After a 10-day ceasefire was declared as of midnight Thursday, the Lebanese army and the Litani Authority have been working on putting up temporary bridges to replace the destroyed ones.
Iran’s parliamentary Speaker Mohammed Bagher Qalibaf says the Strait of Hormuz will remain closed as long as the U.S. imposes a naval blockade on Iran.
“It is impossible for others to pass through the Strait of Hormuz while we cannot,” he said in televised comments aired by Iranian semiofficial media late Saturday.
Qalibaf, who is Iran’s chief negotiator with the United States, said that the strait is now under Iran’s control, linking the choke point’s reopening to the U.S. lifting of its blockade.
“If the U.S. does not lift the blockade, traffic in the Strait of Hormuz will definitely be restricted,” he said.

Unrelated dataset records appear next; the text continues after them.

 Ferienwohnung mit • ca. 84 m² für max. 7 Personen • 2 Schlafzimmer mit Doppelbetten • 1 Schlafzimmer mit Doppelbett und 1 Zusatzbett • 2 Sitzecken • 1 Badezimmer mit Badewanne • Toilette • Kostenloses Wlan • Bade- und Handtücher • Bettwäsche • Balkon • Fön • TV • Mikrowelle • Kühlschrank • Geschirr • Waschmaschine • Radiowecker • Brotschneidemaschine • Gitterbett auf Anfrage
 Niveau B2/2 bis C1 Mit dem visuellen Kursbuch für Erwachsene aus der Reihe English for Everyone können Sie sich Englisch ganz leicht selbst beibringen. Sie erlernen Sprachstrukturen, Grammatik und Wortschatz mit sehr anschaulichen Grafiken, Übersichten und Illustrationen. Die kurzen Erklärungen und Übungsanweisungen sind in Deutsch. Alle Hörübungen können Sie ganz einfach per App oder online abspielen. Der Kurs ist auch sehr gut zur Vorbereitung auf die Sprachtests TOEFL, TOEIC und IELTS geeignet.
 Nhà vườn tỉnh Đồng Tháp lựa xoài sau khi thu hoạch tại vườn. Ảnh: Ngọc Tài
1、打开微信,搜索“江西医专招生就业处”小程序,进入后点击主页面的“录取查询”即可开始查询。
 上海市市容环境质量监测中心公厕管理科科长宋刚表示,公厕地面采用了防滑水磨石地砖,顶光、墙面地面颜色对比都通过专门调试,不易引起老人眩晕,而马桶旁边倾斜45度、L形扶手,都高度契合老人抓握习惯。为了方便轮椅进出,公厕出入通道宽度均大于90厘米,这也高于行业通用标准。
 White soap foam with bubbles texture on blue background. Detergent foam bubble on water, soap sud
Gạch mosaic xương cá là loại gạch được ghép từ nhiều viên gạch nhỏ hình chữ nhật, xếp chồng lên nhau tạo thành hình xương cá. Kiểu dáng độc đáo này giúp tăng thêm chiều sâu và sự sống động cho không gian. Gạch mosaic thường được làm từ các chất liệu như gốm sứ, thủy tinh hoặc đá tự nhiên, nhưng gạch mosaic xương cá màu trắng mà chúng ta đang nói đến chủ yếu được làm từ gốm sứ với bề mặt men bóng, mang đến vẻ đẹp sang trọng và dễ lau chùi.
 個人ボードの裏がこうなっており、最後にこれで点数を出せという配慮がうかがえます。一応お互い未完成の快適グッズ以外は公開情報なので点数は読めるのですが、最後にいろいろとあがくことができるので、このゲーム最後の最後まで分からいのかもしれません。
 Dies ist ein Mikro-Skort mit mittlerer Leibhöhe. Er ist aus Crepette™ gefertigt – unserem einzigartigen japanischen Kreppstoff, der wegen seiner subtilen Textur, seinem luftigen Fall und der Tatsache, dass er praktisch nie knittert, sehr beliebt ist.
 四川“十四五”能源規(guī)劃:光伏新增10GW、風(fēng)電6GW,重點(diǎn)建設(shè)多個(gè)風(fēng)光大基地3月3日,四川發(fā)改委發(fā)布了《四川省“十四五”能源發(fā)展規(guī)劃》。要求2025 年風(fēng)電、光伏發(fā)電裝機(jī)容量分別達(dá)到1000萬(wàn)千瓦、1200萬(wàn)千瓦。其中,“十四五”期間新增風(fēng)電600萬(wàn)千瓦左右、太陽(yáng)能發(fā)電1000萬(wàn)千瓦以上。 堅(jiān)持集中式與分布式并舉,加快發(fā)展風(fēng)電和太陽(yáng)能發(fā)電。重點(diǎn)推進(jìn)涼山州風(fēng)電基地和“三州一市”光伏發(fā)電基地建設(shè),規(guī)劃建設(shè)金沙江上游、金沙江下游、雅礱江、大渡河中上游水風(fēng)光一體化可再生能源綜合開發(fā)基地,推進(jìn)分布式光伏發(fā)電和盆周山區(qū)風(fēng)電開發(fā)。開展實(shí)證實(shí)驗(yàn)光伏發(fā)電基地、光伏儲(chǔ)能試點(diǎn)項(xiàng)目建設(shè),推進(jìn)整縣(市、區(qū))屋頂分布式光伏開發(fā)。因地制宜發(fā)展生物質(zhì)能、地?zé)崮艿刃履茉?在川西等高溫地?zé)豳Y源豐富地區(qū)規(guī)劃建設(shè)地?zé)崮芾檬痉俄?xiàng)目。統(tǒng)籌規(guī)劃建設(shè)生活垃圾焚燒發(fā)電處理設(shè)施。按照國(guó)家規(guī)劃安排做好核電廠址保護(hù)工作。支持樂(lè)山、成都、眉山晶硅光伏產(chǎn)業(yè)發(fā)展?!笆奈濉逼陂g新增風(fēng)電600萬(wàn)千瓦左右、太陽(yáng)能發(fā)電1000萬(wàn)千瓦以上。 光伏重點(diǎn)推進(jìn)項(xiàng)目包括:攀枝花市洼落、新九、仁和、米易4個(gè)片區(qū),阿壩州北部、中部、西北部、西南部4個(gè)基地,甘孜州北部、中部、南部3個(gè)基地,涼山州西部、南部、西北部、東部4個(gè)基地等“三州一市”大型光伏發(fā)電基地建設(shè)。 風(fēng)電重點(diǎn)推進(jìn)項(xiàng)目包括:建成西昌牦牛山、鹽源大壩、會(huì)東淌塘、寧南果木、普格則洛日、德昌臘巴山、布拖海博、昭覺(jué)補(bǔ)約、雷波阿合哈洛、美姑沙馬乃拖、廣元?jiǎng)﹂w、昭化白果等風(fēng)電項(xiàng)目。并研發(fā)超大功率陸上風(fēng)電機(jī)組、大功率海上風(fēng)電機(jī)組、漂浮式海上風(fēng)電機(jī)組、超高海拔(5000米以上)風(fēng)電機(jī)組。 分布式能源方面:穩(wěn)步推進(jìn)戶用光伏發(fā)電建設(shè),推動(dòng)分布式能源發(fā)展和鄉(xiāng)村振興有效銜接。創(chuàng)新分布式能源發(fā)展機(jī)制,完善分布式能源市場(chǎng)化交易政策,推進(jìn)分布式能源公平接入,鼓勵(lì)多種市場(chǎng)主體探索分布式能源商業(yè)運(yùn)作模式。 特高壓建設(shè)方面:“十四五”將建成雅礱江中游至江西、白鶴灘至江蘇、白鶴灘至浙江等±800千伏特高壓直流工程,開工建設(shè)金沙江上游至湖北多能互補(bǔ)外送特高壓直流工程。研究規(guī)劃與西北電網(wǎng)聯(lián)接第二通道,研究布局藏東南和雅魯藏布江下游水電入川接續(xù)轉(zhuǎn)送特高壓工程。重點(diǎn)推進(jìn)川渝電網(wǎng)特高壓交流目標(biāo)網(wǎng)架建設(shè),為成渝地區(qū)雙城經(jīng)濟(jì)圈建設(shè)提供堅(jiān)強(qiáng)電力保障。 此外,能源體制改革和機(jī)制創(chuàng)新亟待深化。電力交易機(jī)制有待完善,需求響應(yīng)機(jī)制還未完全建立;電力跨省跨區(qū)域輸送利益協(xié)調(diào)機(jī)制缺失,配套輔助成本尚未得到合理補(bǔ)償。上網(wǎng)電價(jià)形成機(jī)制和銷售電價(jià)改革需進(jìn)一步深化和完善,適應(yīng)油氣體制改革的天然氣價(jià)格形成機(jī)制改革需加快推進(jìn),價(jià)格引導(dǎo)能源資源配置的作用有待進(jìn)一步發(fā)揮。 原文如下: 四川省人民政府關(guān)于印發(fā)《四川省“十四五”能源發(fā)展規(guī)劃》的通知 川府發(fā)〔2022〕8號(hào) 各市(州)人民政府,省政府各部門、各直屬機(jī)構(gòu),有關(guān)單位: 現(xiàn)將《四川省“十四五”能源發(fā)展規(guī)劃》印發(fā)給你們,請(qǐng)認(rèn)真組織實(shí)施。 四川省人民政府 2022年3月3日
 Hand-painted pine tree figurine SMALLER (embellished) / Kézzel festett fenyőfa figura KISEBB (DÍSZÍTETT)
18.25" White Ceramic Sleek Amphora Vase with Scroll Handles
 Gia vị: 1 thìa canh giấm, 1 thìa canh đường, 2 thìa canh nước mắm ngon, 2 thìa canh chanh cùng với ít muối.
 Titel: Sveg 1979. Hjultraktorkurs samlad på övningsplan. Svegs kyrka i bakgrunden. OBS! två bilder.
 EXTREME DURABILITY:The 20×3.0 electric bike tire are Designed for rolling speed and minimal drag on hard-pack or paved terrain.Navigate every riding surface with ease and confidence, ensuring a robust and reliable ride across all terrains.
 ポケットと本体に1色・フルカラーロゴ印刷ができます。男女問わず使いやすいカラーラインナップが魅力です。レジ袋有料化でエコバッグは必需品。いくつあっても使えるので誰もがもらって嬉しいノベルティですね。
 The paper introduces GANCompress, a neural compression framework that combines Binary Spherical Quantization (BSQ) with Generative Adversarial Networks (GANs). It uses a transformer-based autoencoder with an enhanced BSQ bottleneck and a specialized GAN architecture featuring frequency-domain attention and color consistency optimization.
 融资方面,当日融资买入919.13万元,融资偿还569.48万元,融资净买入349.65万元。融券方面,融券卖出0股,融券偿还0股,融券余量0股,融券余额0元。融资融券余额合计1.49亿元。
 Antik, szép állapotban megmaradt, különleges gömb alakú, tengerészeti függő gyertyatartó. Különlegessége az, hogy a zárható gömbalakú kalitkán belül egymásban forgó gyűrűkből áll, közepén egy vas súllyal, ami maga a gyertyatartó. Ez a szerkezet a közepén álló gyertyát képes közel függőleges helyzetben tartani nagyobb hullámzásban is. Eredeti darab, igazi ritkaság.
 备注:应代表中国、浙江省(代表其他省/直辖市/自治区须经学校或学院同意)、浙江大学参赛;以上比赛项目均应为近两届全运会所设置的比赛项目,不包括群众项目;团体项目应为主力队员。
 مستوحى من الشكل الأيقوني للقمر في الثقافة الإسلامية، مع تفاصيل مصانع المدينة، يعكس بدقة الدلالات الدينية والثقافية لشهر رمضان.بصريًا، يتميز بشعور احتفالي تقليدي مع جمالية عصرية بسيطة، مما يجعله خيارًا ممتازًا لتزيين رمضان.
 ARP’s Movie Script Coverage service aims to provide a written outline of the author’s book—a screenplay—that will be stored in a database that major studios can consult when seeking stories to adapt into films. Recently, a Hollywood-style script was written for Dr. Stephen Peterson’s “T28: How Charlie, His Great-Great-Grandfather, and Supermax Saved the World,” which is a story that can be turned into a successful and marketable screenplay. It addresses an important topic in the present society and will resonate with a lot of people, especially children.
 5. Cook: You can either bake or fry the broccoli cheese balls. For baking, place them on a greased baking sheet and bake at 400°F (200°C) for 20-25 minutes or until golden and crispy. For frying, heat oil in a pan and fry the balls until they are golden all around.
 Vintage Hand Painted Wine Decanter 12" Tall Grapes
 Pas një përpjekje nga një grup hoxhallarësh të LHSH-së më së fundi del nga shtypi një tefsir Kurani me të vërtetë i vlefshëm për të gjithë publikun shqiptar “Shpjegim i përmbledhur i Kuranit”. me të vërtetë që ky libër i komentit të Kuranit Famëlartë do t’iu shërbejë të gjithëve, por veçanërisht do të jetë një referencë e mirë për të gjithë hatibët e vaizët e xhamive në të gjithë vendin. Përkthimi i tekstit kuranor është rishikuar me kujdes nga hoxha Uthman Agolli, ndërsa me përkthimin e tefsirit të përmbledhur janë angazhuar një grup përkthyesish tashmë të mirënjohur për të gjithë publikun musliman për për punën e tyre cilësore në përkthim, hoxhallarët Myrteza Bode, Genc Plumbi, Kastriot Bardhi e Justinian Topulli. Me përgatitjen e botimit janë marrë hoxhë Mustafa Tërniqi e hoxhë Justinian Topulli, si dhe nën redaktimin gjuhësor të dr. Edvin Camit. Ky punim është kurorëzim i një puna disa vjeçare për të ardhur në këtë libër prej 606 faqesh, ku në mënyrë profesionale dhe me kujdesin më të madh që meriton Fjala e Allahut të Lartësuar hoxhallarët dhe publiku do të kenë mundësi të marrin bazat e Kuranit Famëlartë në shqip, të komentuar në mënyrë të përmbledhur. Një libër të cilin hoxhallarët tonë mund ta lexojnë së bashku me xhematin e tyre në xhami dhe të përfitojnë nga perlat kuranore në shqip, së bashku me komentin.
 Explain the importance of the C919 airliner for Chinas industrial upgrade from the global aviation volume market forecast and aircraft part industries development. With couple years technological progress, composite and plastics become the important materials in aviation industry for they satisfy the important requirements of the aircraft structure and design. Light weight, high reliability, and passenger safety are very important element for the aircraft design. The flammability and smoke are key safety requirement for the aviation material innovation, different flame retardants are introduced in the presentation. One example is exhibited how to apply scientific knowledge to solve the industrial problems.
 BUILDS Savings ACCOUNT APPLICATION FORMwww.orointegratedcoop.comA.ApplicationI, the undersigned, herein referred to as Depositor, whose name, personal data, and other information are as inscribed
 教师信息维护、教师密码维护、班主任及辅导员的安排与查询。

He said that the ceasefire was on verge of collapse when the U.S. attempted to mine-clear the strait.
He said Iran viewed the U.S. attempt as a violation of the ceasefire.
“The situation escalated to the point of conflict but the enemy retreated,” he said.
Israel’s military says another soldier died in combat in southern Lebanon, the second death announced in under 12 hours.
It brought the total number of soldiers killed in Lebanon to 15, and was the second soldier killed in combat since the ceasefire.
The military said that another soldier was badly wounded, along with four moderately wounded and four slightly injured.